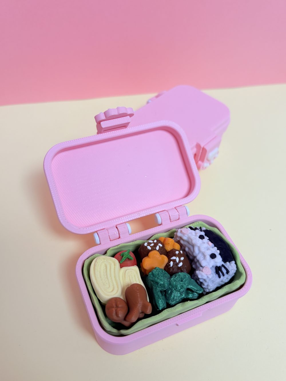 Entièrement imprimé en 3D dans mon atelier, ce bento cache 3 clickers antistress au clic-clic satisfaisant, parfait pour se détendre, s’occuper les mains ou compléter une collection de fidjets originaux ✨
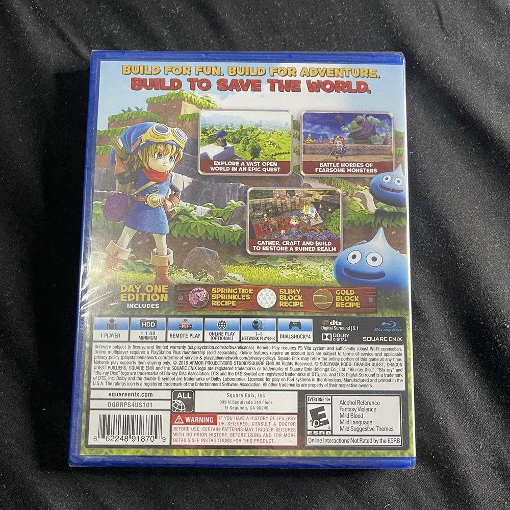 Absolutely love this game! It's the perfect blend of creative building and classic Dragon Quest charm. The day one edition is a fantastic find, and it arrived in great condition. Highly recommend for any PS4 owner!
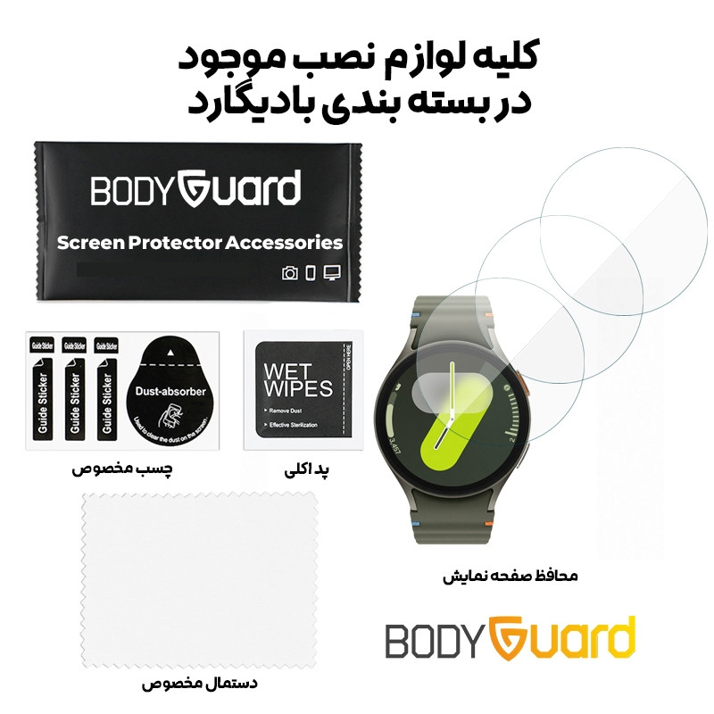 محافظ صفحه نمایش شیشه ای بادیگارد مدل GW مناسب برای ساعت هوشمند سامسونگ Galaxy Watch 7 40 mm بسته 3 عددی
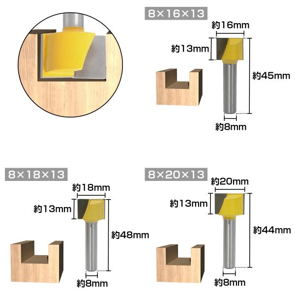 トリマー ルーター ビット 軸 シャンク 8mm 5本 セット 超硬 エンドミル フライス 木工 ほぞ溝 カッター 切削工具 工具
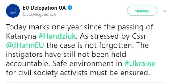 "Сегодня исполняется один год со дня смерти Екатерины Гандзюк. Как подчеркнул комиссар ЕС по вопросам европейской политики соседства и переговоров о расширении Йоханнес Хан, дело не забыто. Заказчики до сих пор не привлечены к ответственности. Безопасные условия для активистов гражданского общества должны быть гарантированы в Украине", - говорится в сообщении.
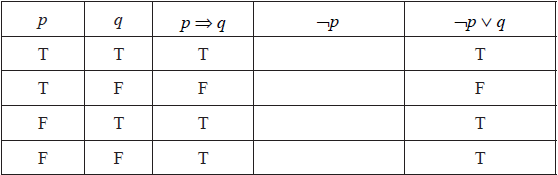 State the relationship between the compound propositions \(p \Rightarrow q\) and \(\neg p \vee q\) .[1]
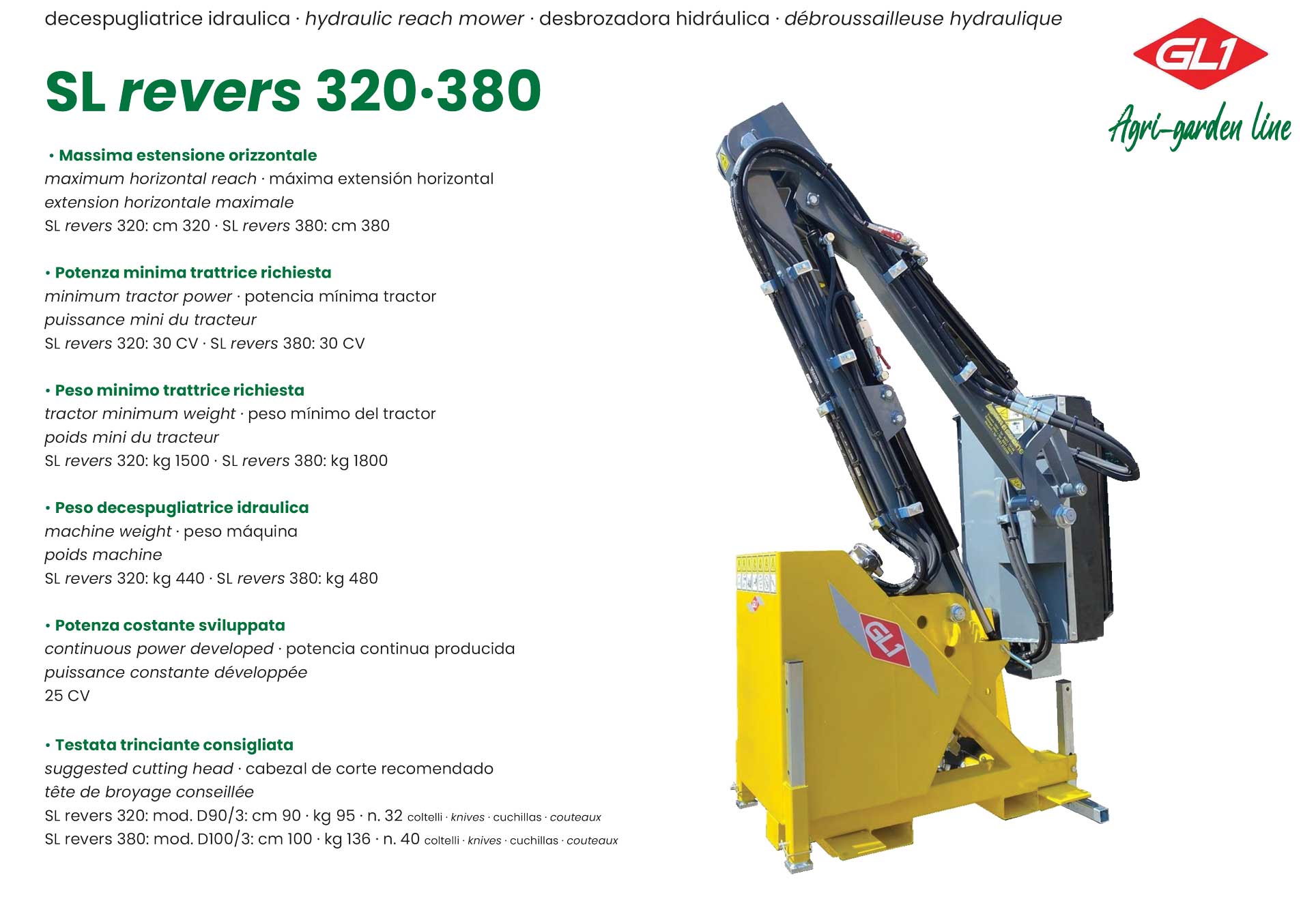 Trattori con potenza da/a: 30 CV Estensione massima: 320 – 380 CM Peso: 440 – 480 KG |
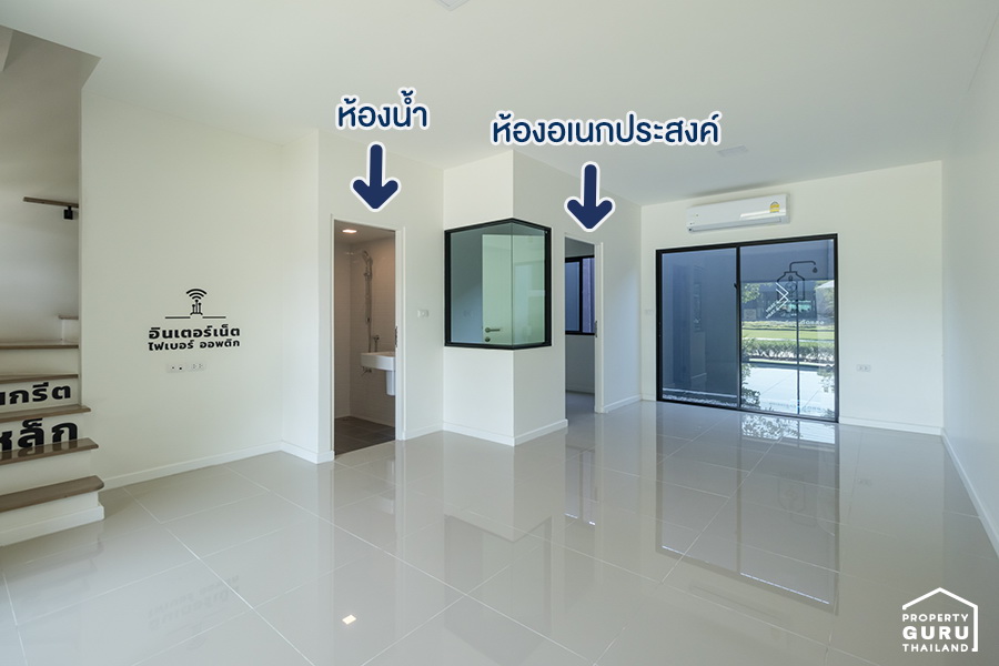 รายละเอียดของบ้านชั้น 1 เป็นแบบนี้ค่ะ ด้านในมีห้องน้ำ และห้องอเนกประสงค์ เป็นห้องเปล่าที่โครงการกั้นห้องไว้ให้เลย สามารถออกแบบเป็นห้องทำงาน หรือเป็นห้องนอนสำหรับผู้สูงอายุก็ได้ค่ะ
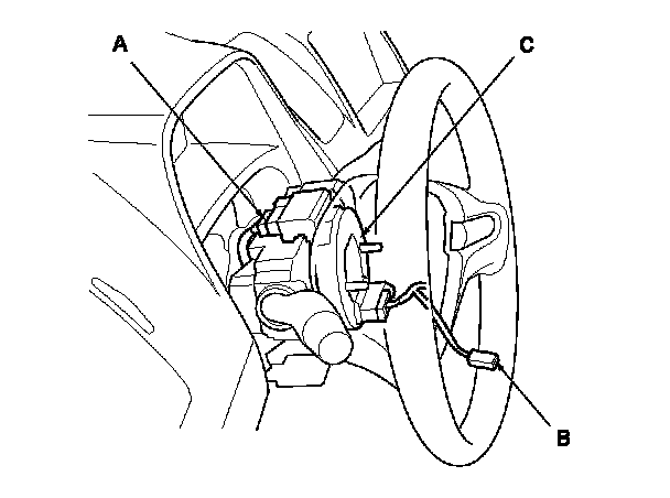 5. Remove the driver's airbag assembly, Drivers Airbag Replacement and disconnect the horn switch 1P positive terminal (B) from the cable reel (C).
—————
### ABOUT THIS TASK
Omit every picture, and please return the entries exactly from the first line through the line with "Absolutely love this", both included.

### RESULT FOR THIS EXERCISE
 Entièrement imprimé en 3D dans mon atelier, ce bento cache 3 clickers antistress au clic-clic satisfaisant, parfait pour se détendre, s’occuper les mains ou compléter une collection de fidjets originaux ✨
 Absolutely love this game! It's the perfect blend of creative building and classic Dragon Quest charm. The day one edition is a fantastic find, and it arrived in great condition. Highly recommend for any PS4 owner!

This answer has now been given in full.